### Work task
Reproduce the lines of the material exactly, excluding every image.

### Data segment
+===+

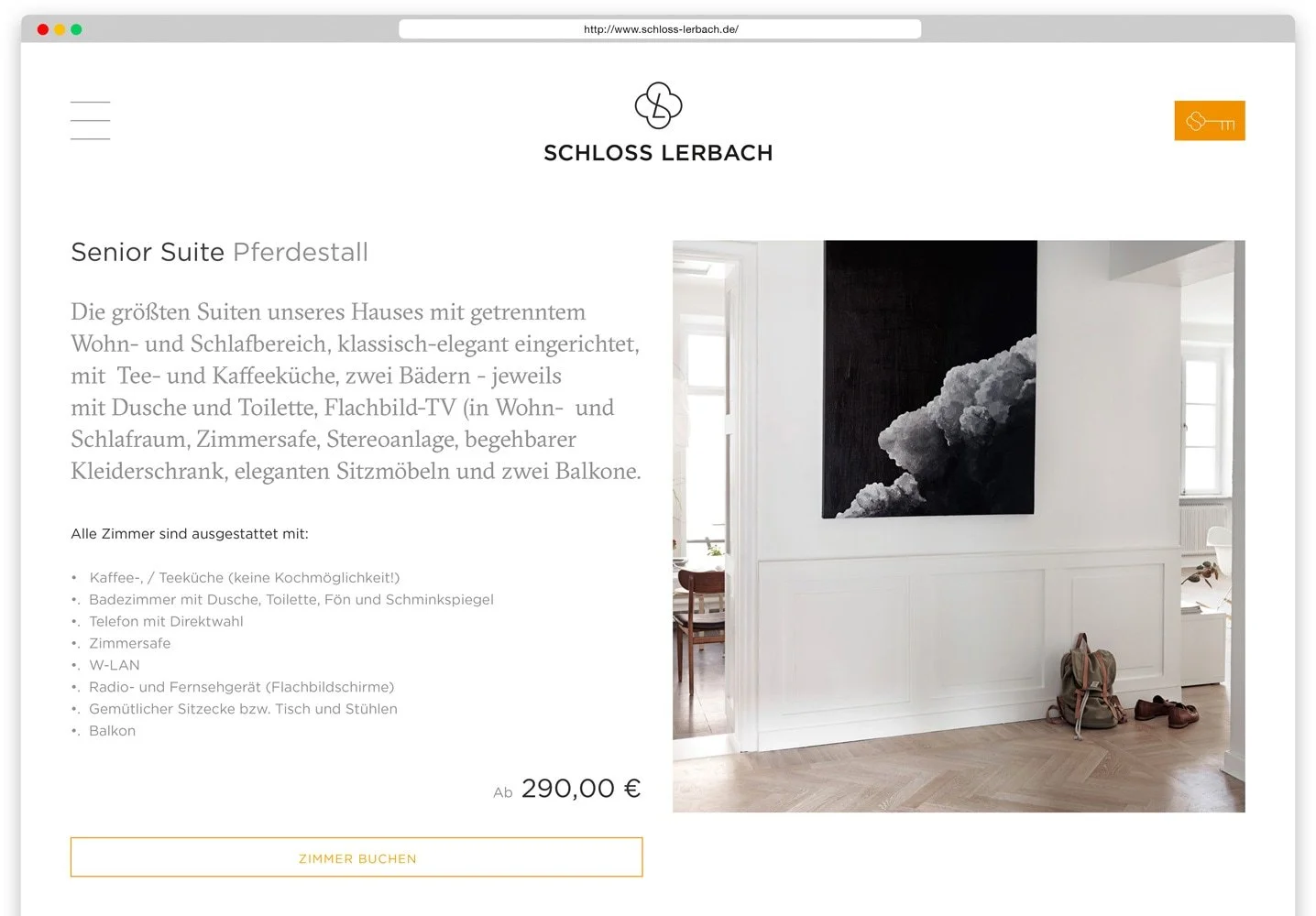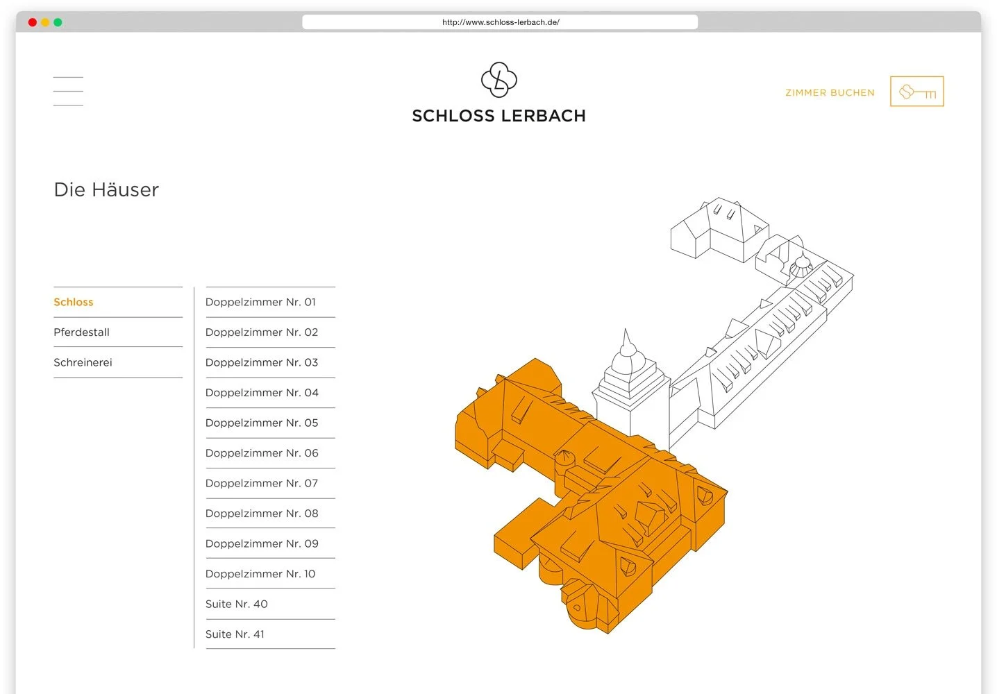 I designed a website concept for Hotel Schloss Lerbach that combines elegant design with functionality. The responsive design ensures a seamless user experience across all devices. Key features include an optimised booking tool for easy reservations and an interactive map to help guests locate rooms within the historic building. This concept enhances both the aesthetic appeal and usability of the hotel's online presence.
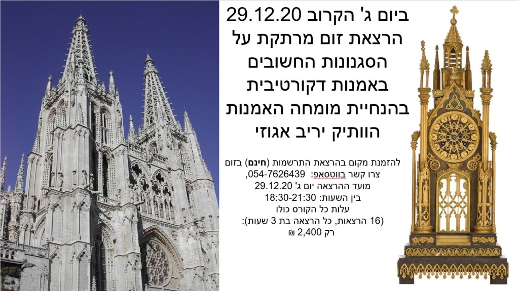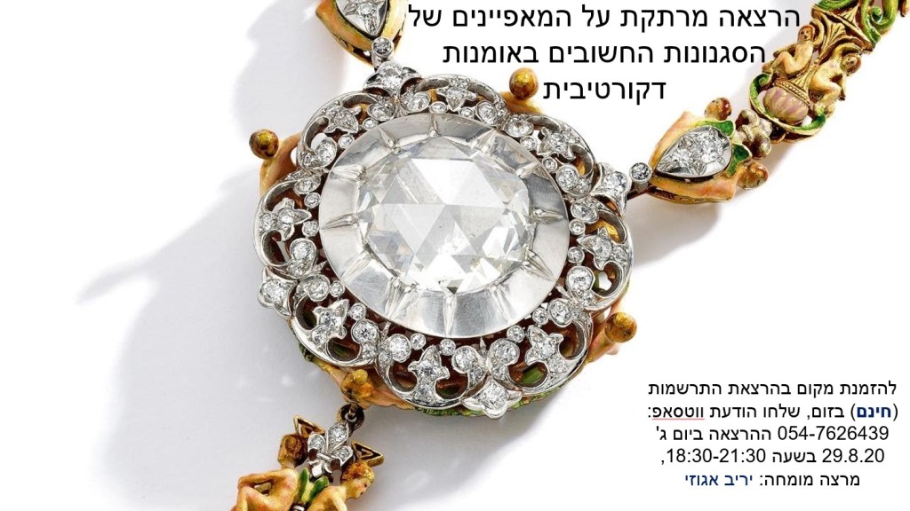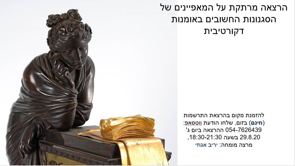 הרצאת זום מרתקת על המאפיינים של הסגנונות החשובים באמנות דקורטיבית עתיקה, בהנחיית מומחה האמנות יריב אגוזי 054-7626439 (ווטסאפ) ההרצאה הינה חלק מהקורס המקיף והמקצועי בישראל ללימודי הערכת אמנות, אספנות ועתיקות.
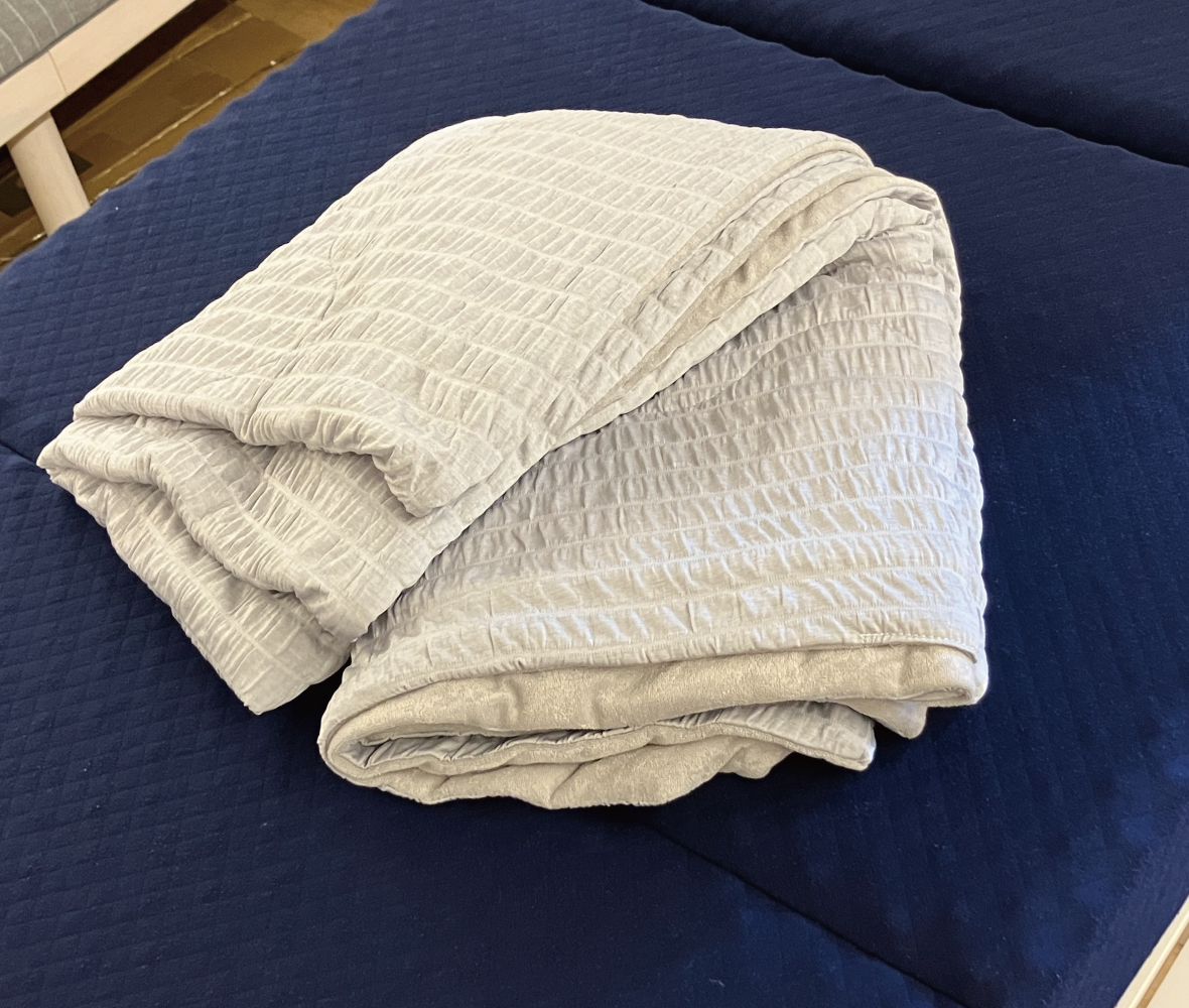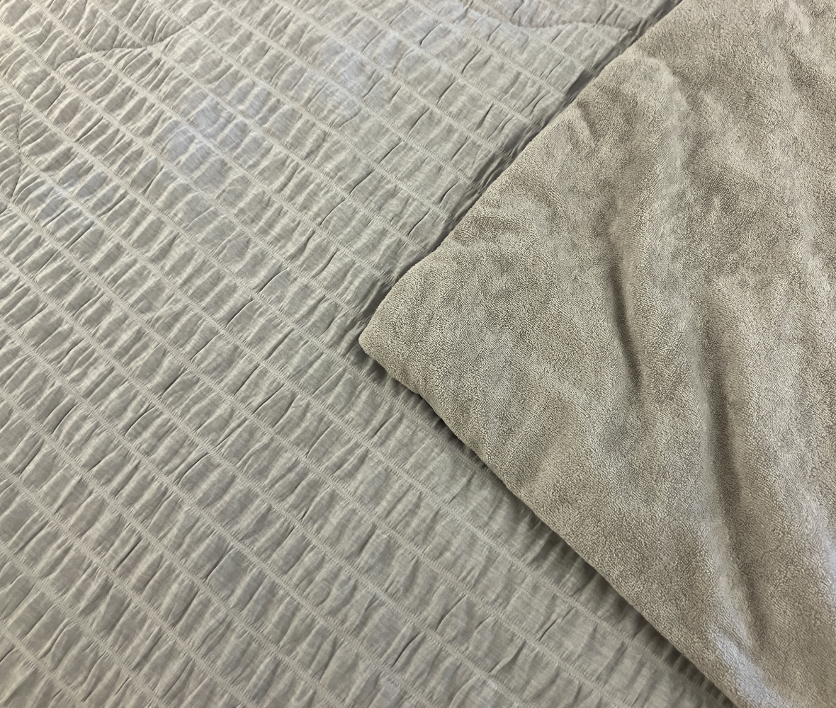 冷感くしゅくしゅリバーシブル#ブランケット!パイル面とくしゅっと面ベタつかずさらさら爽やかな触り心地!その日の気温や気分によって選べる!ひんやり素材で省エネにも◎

+===+

### Your solution
 I designed a website concept for Hotel Schloss Lerbach that combines elegant design with functionality. The responsive design ensures a seamless user experience across all devices. Key features include an optimised booking tool for easy reservations and an interactive map to help guests locate rooms within the historic building. This concept enhances both the aesthetic appeal and usability of the hotel's online presence.
 הרצאת זום מרתקת על המאפיינים של הסגנונות החשובים באמנות דקורטיבית עתיקה, בהנחיית מומחה האמנות יריב אגוזי 054-7626439 (ווטסאפ) ההרצאה הינה חלק מהקורס המקיף והמקצועי בישראל ללימודי הערכת אמנות, אספנות ועתיקות.
 冷感くしゅくしゅリバーシブル#ブランケット!パイル面とくしゅっと面ベタつかずさらさら爽やかな触り心地!その日の気温や気分によって選べる!ひんやり素材で省エネにも◎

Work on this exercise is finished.